Niecały miesiąc temu ibizie mojej dziewczyny przytrafiło sie male bum.
Sprawca jest z AXA (niestety), policja była itp.
Auto to golas z 2000r SDi.
Uszkodzenia widoczne na foto:

Uploaded with ImageShack.us

Uploaded with ImageShack.us

Po dość długim czasie udało mi się doprosić firmę AXA o przygotowanie wyceny - trwało to 2 tygodnie >:(
Wrzucam poniżej skany otrzymanych dokumentów, dodatkowo przy ocenie uszkodzeń wpisane jest sprawdzenie geometrii i wymiana opony, która ma 7mm firmy bridgestone blizzak Lm-20.
Po rozebraniu auta okazało się, że ani fartuch, podłużnica, mocowanie drzwi nie oberwało i auto jest jż prowizorycznie poskładane ( nowy błotnik, nadkole, kierunek, opona, wyklepanie drzwi) i śmiga lecz lekko go ściąga - muszę jechać na geometrie...
Dodam, że auto wcześniej było bezwypadkowe, miało oryginalny lakier co zostało zmierzone i zapisane przez rzeczoznawcę. Może ktoś rzucić okiem na te dokumenty i podpowiedzieć o co można się odwołać? Wiem, że mogę się odwołać o nieuzasadnione zastosowanie zamienników, zaniżoną cenę opony oraz o amortyzację. Mam tylko pytanko, czy jak AXA policzy to jak należy nie zrobią mi szkody całkowitej i dadzą jeszcze mniej kasy?
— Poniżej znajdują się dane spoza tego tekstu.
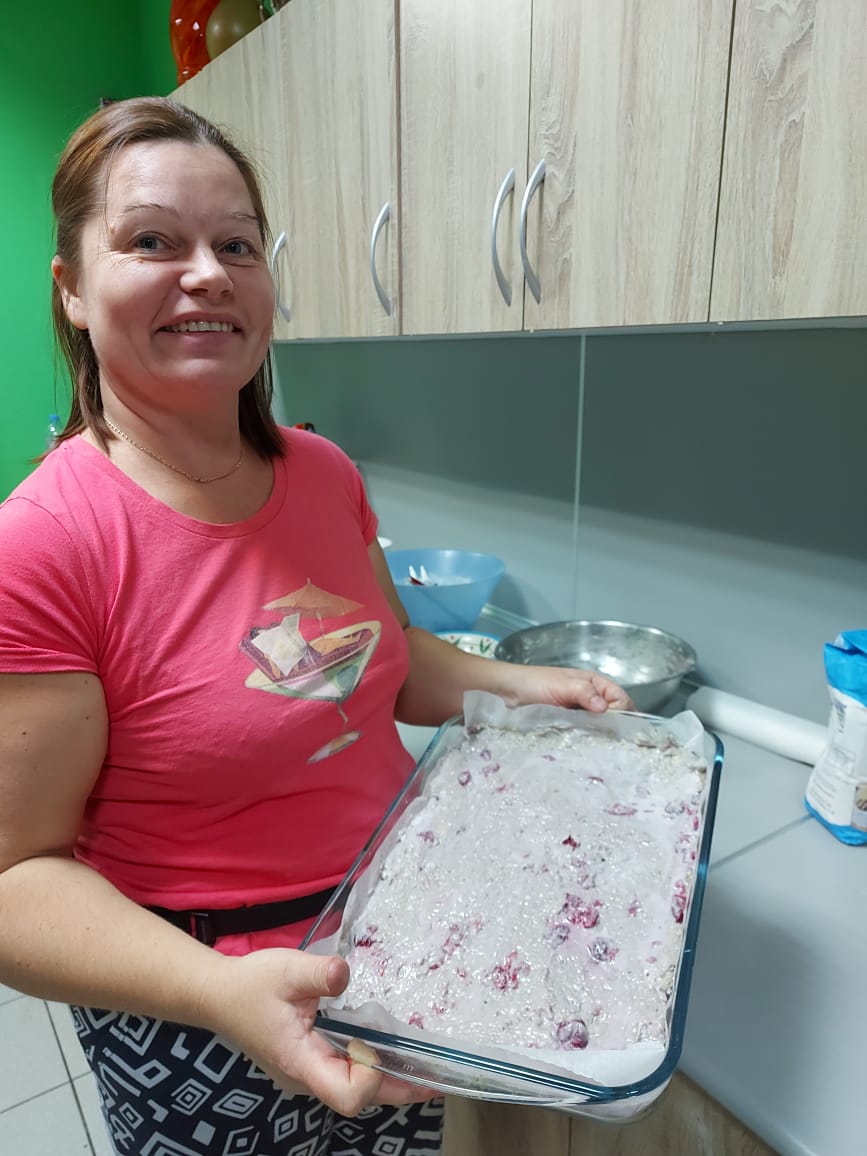 На фото наша подопечная Анна, которая приехала с дочкой Витой. Испекла Дому Милосердия свой фирменный пирог!
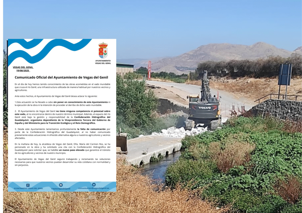 El vado inundable de Vegas del Genil ha sido demolido y la polémica estalla. Documentos oficiales de la Confederación Hidrográfica del Guadalquivir prueban que el Ayuntamiento fue avisado el 14 de marzo de 2024 y no hizo nada. Agricultores y vecinos pierden un paso histórico, mientras el gobierno local de PP y Vox se excusa diciendo que “no era su competencia”. La verdad es otra: lo sabían, callaron y dejaron que Vegas del Genil quedara partida en dos.
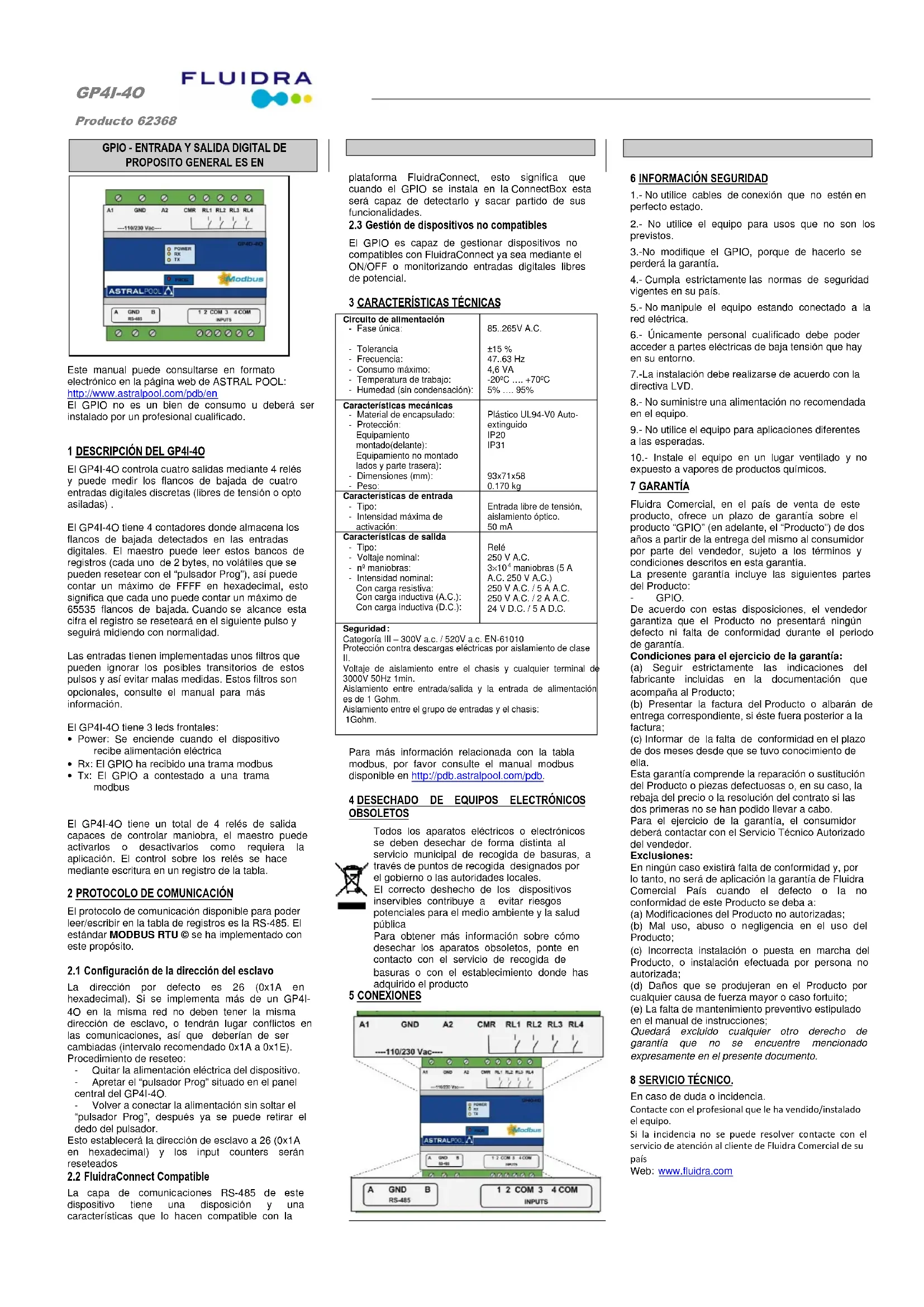 1.- Ne pas utiliser des câbles qui ne sont pas en parfait état. 2.- Ne pas utiliser l'équipement à des fins qui ne sont pas attendus. 3.- Ne pas modifier le ConnectBox, parce que la garantie sera perdue 4.- Respecter les règles de sécurité de conformité du pays. 5.- Ne manipulez pas l'équipement qui est branché sur le secteur. 6.- Seul un professionnel qualifié peut accéder à toutes les pièces électriques entourant l'équipement. 7. L'installation doit-être faite en accord avec la directive LVD. 8.- Ne pas fournir une tension différente de celle recommandée. 9.- Ne pas utiliser l'équipement pour autres applications que celle pr prévue. 10.- Installez l'équipement dans un endroit ventilé et non exposé aux vapeurs et/ou produits chimiques. 7 GARANTÍE Fluidra Comercial situé dans le pays de vente de ce produit offre une période de garantie sur le produit "GPIO" (ci-après le «produit») deux ans après sa livraison au consommateur par le vendeur, sous réserve des modalités et conditions décrites dans la présente garantie. Cette garantie comprend les parties suivantes du produit: - GPIO. Selon ces dispositions, le vendeur garantit que le produit ne doit pas être défaut ou défaut de conformité au cours de la période de garantie. Les conditions d'exercice de la garantie: (A) suivent strictement les instructions du fabricant incluses dans la documentation accompagnant le produit; (B) Pr’esenter la preuve d’achat de type facture ou bon de livraison du produit correspondant, si elle est postérieure à la facture; (C) Rapport du défaut de conformité dans les deux mois à partir de la prise de connaissance de la panne. Cette garantie comprend la réparation ou le remplacement du produit ou des pièces défectueuses ou, si nécessaire, la réduction du prix ou la résiliation du contrat si les deux premiers ont pas été appliquées. Pour exercer la garantie, le consommateur doit communiquer avec le fournisseur de service autorisé. exclusions: Dans tous les cas, il y aura un manque de conformité et, par conséquent, ne sont pas applicables garantie Fluidra Commercial Pays où le défaut ou la non-conformité de ce produit est due à: (A) des modifications non autorisées du produit; (B) une mauvaise utilisation, abus ou négligence d'utilisation du produit; (C) d'installation incorrecte ou mise en service du produit, ou d'une installation faite par une personne non autorisée; (D) Les dommages se produisent dans le produit pour une raison quelconque de force majeure; (E) Le manque d'entretien préventif stipulé dans le manuel d'instruction; Elle est exclue toute autre garantie qui ne sont pas expressément mentionnés ici. 8 SERVICE TECHNIQUE. En cas de doute ou d'incidence. Contactez le professionnel qui a vendu ou installé l'équipement. Si le problème ne peut être résolu, n’hésitez pas à contacter le service client Fluidra Commercial de votre pays. Web: www.fluidra.comGP4I-4O Prodotto 62368

Dostałem ofertę od firmy, która skupuje takie roszczenia i sama odzyskuje kasę od ubezpieczyciela - zapronowali mi 450zł do łapy i nic mnie nie interesuje - korzystał ktoś z usług takich firm? Jest jakiś haczyk?
Wiem, że na forum są osoby " siedzące w temacie" więc z góry dzięki za odp.